- SUPPLIED RECORDS -
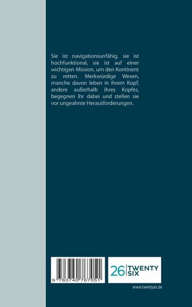 Sie ist navigationsunfähig, sie ist hochfunktional, sie ist auf einer wichtigen Mission, um den Kontinent zu retten. Merkwürdige Wesen, manche davon leben in ihrem Kopf, andere außerhalb ihres Kopfes, begegnen ihr dabei und stellen sie vor ungeahnte Herausforderungen.
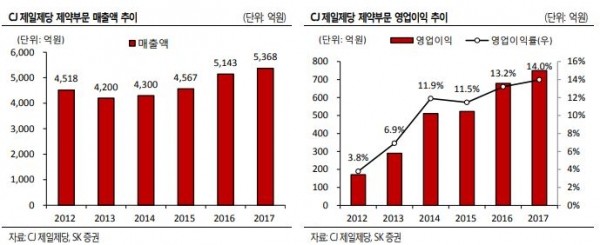 이 연구원은 “CJ 헬스케어 인수를 통해 기보유한 제약 CMO(수탁)와 시너지가 예상된다. 또한 H&B(건강기능식품)과 제약 부문 보유로 포트폴리오 다변화가 기대된다”고 전했다.
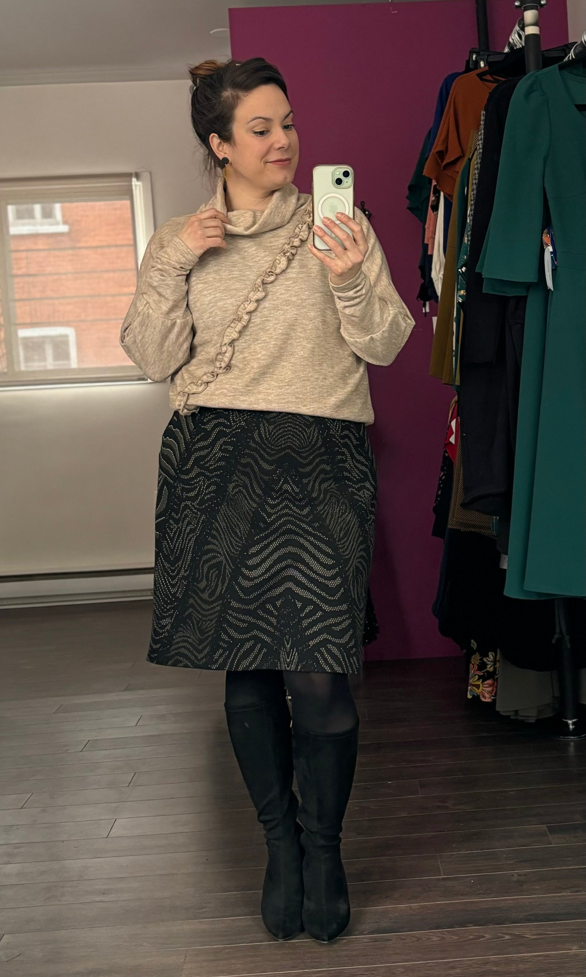 Pour porter en superposition avec un bas plus ample ou sur une robe plus évasée, utilisez notre Élastique Magique pour le transformer en haut plus court.
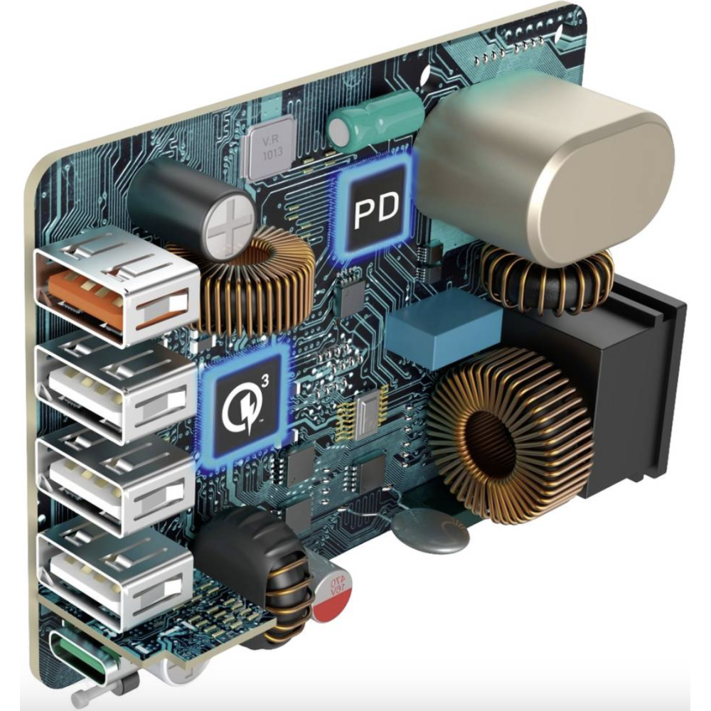 Chargeur Volkano VK-8066-BK GaN - Puissance totale : 120W - 6 ports USB : 3 USB-C PD + 3 USB-A - USB-C PD1 : jusqu’à 65W – compatible ordinateurs portables - USB-C PD2 & PD3 : jusqu’à 20W – pour smartphones et tablettes - USB-A : jusqu’à 18W – compatible avec la plupart des appareils USB - Technologie GaN : haute efficacité, format compact - Sécurité intégrée : protection surtension, surintensité et court-circuit - Format compact : idéal pour la maison, le bureau ou les déplacements - Tension d’entrée : 100-240V (universelle) - Couleur : noir.
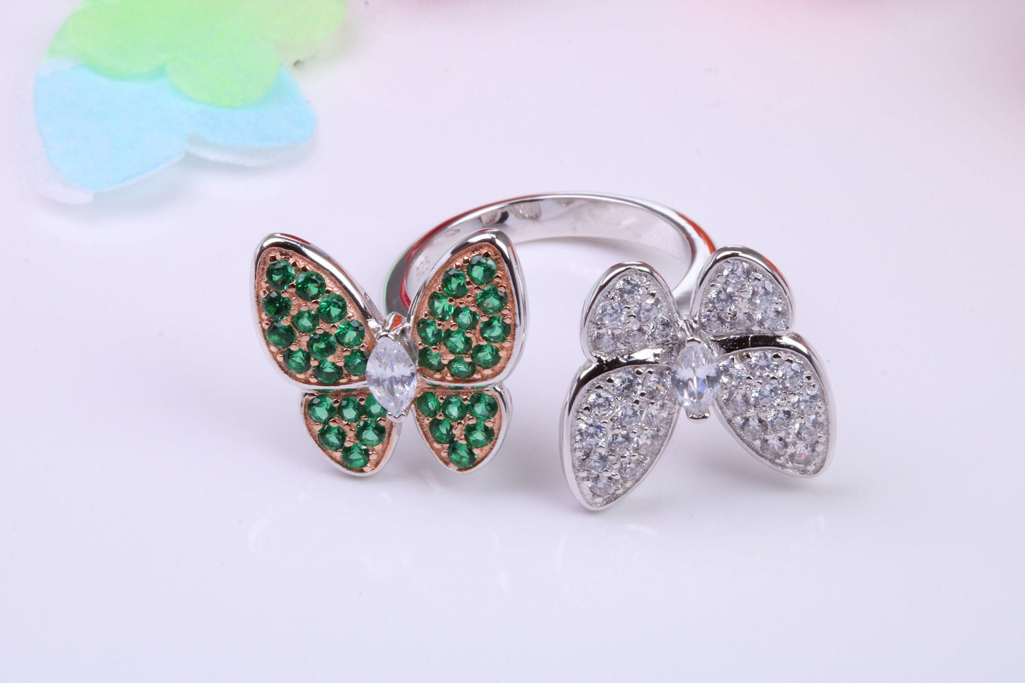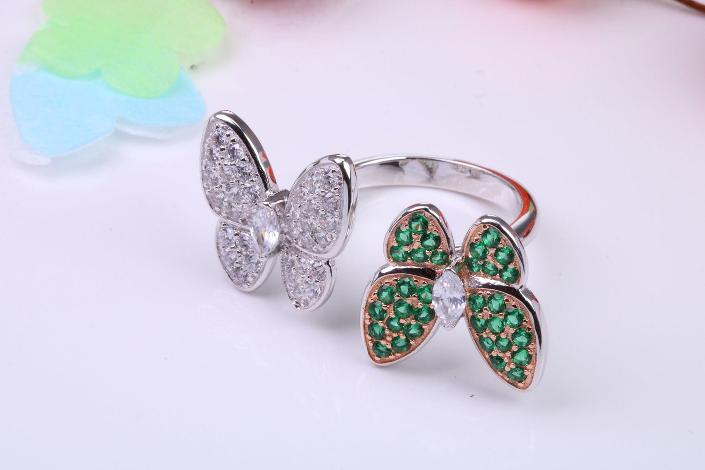 Double Butterfly Cubic Zirconia set Ring, Made from solid Silver
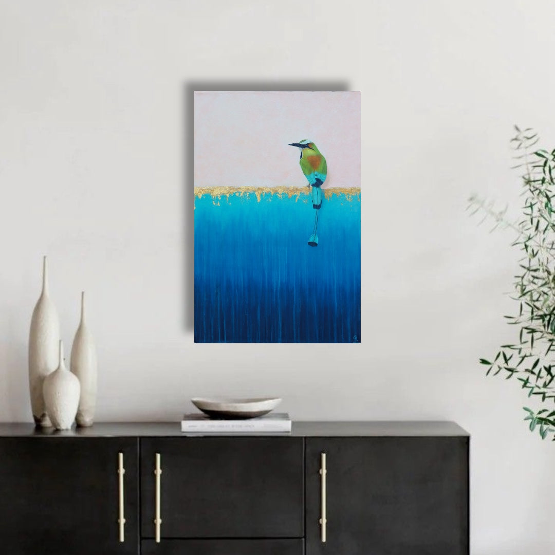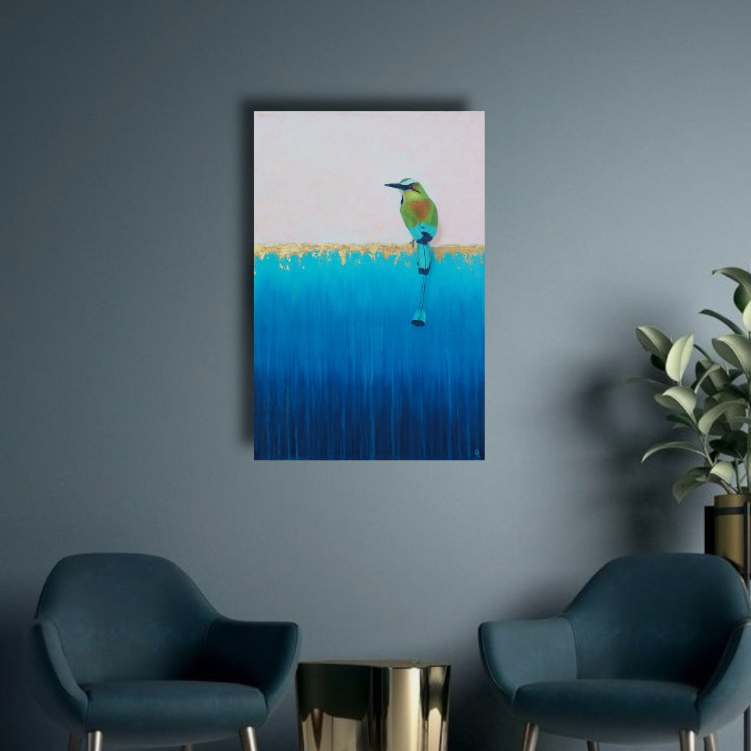 Tributo a las sagradas aguas cristalinas de los cenotes mayas, cuyas intensas tonalidades azules contrastan con la piedra caliza que los resguarda. En este hábitat único es el hogar del majestuoso pájaro Toh, un ave de la región maya, reconocida por su plumaje vibrante en verdes y turquesas, por el singular movimiento pendular de su cola, recibe el nombre de “Toh”, significa “reloj” en lengua maya.
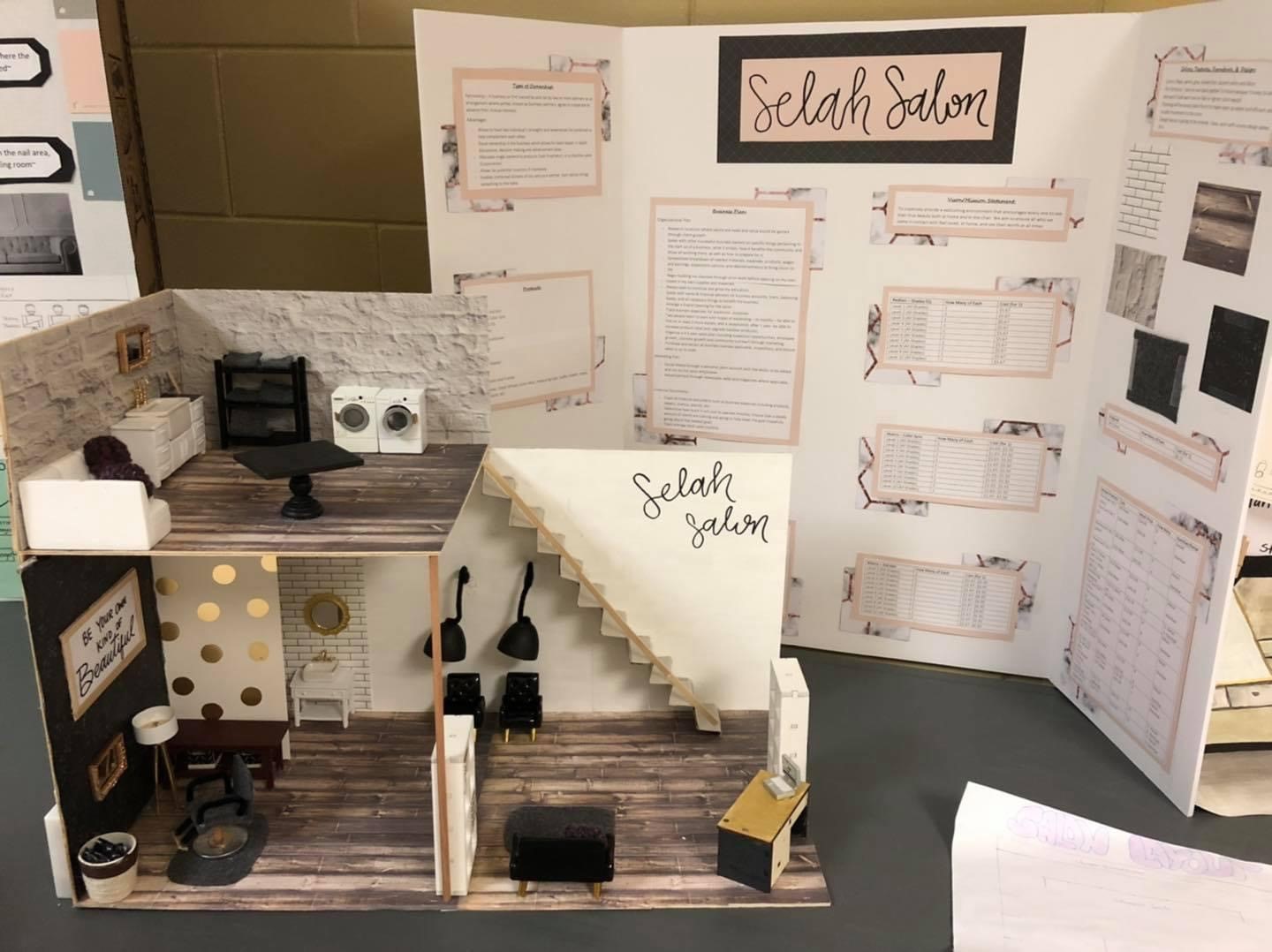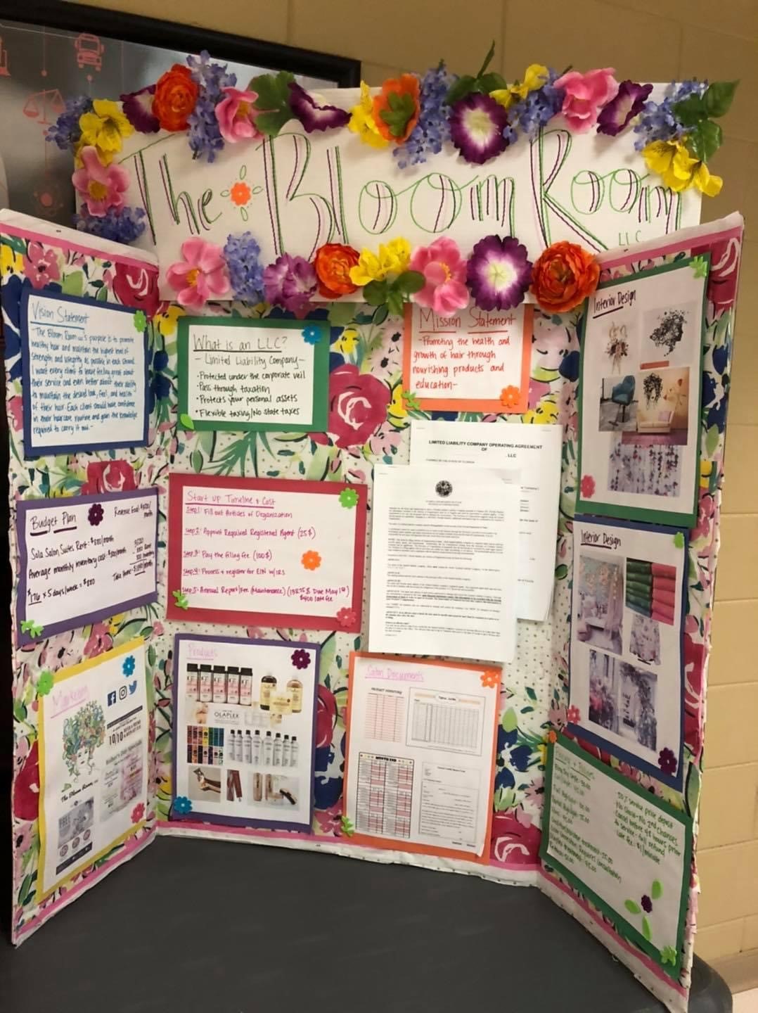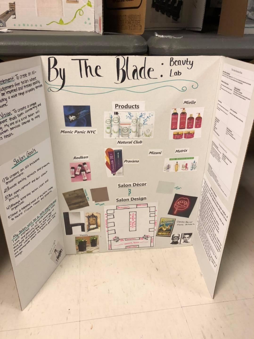 The Cosmetology students created their own businesses as part of the entrepreneurship competencies in their program. They wrote business and marketing plans, designed their salons, determined pricing structures, and then made oral presentations to the class.
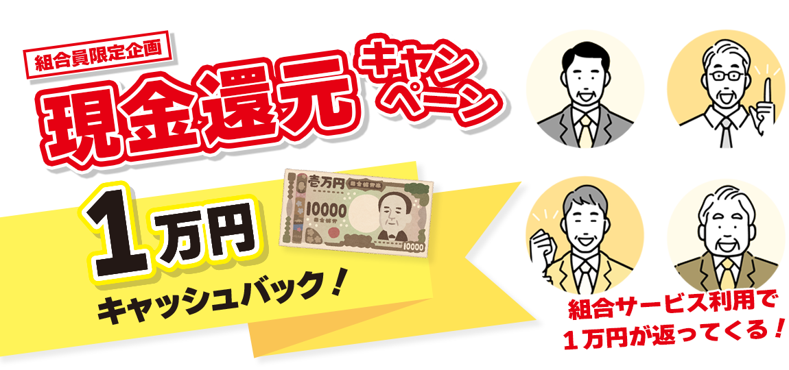 【組合員限定】現金1万円還元キャンペーン(埼玉県宅建協同組合) 組合サービス利用で1万円が返ってくる! 埼玉県宅建協同組合では、下記チラシのサービス1回のご利用につき1万円をキャッシュバックいたします(先着80件)。 複数回ご利用いただけますので、この機会にぜひ組合サービスをご活用ください。 また、組合未加入の方も、組合へのご加入との同時でのご利用も可能です。 →詳しくはこちら
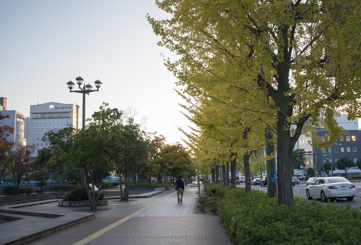 沿著河川走,旁邊的銀杏已經轉黃
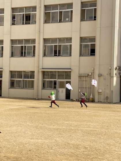常盤小学校の校庭をお借りして、たこあげをして遊びました。
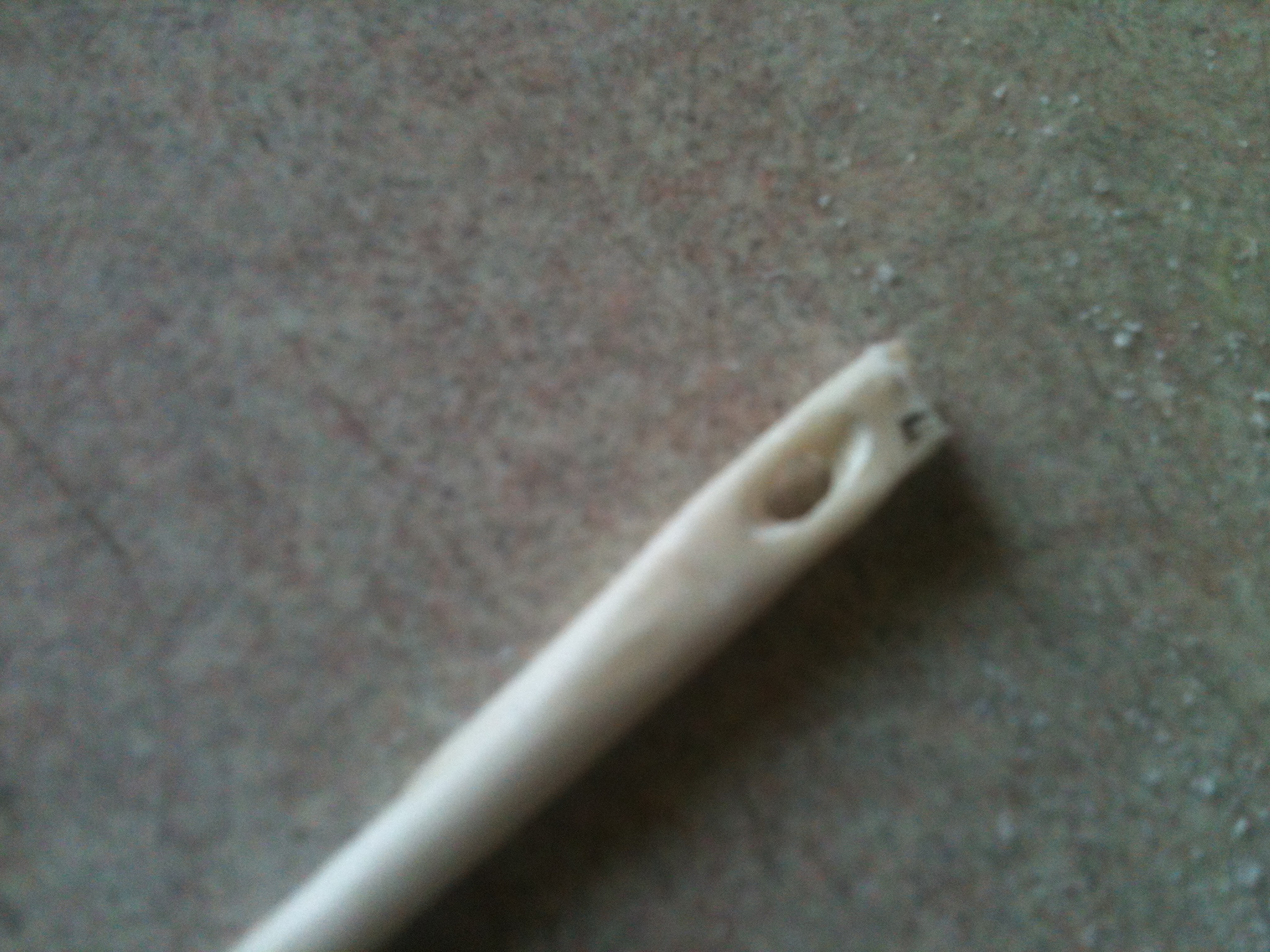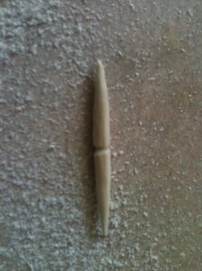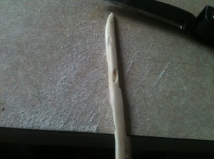 Now that you have the shape of the needle, its time to pull that needle off the bone. Score a line around the area above the eye. The best way to do this is with a serrated edge or similar. You don’t need to cut very deep either: just about 1/10th of the diameter. Hold the eye firmly between fingers or a pair of pliers or something similar and snap your working handle loose.
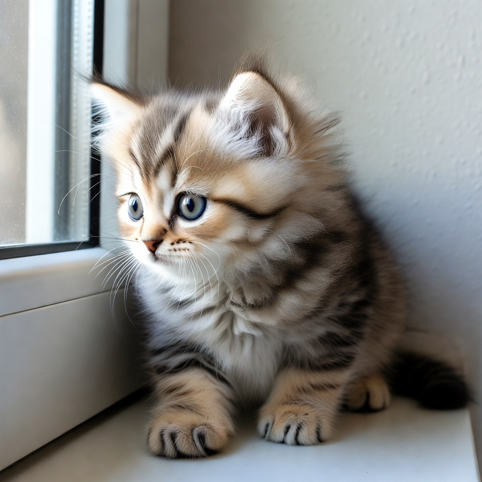 A fluffy tabby kitten with blue eyes sits on a windowsill gazing outward. Its fur features light brown, white, and black stripes, with paws extended forward. The background shows a plain white wall and window frame.
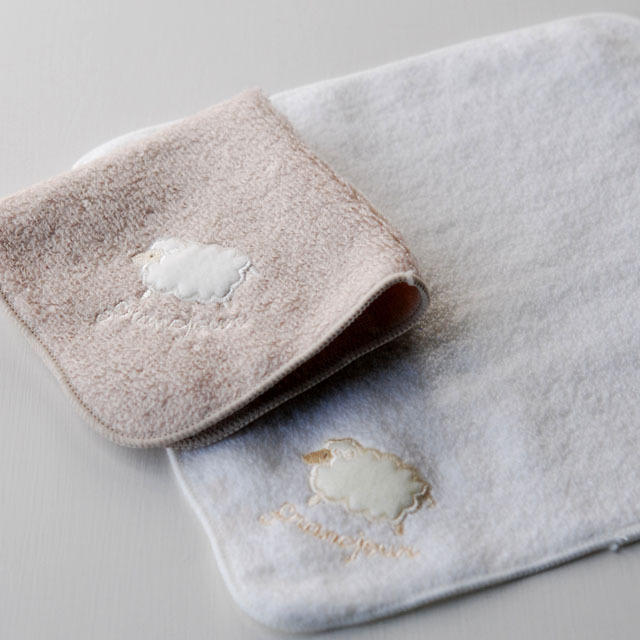 ひつじのアップリケ刺繍が施されたミニョンシリーズ。 色使いが優しく、可愛い赤ちゃんにぴったりのシリーズです。

- WHAT IS NEEDED -
Please output an exact repetition of the lines from the line containing "The Cosmetology students" to the end of the records, both included, with no pictures and no additional text.

- SOLUTION -
 The Cosmetology students created their own businesses as part of the entrepreneurship competencies in their program. They wrote business and marketing plans, designed their salons, determined pricing structures, and then made oral presentations to the class.
 【組合員限定】現金1万円還元キャンペーン(埼玉県宅建協同組合) 組合サービス利用で1万円が返ってくる! 埼玉県宅建協同組合では、下記チラシのサービス1回のご利用につき1万円をキャッシュバックいたします(先着80件)。 複数回ご利用いただけますので、この機会にぜひ組合サービスをご活用ください。 また、組合未加入の方も、組合へのご加入との同時でのご利用も可能です。 →詳しくはこちら
 沿著河川走,旁邊的銀杏已經轉黃
常盤小学校の校庭をお借りして、たこあげをして遊びました。
 Now that you have the shape of the needle, its time to pull that needle off the bone. Score a line around the area above the eye. The best way to do this is with a serrated edge or similar. You don’t need to cut very deep either: just about 1/10th of the diameter. Hold the eye firmly between fingers or a pair of pliers or something similar and snap your working handle loose.
 A fluffy tabby kitten with blue eyes sits on a windowsill gazing outward. Its fur features light brown, white, and black stripes, with paws extended forward. The background shows a plain white wall and window frame.
 ひつじのアップリケ刺繍が施されたミニョンシリーズ。 色使いが優しく、可愛い赤ちゃんにぴったりのシリーズです。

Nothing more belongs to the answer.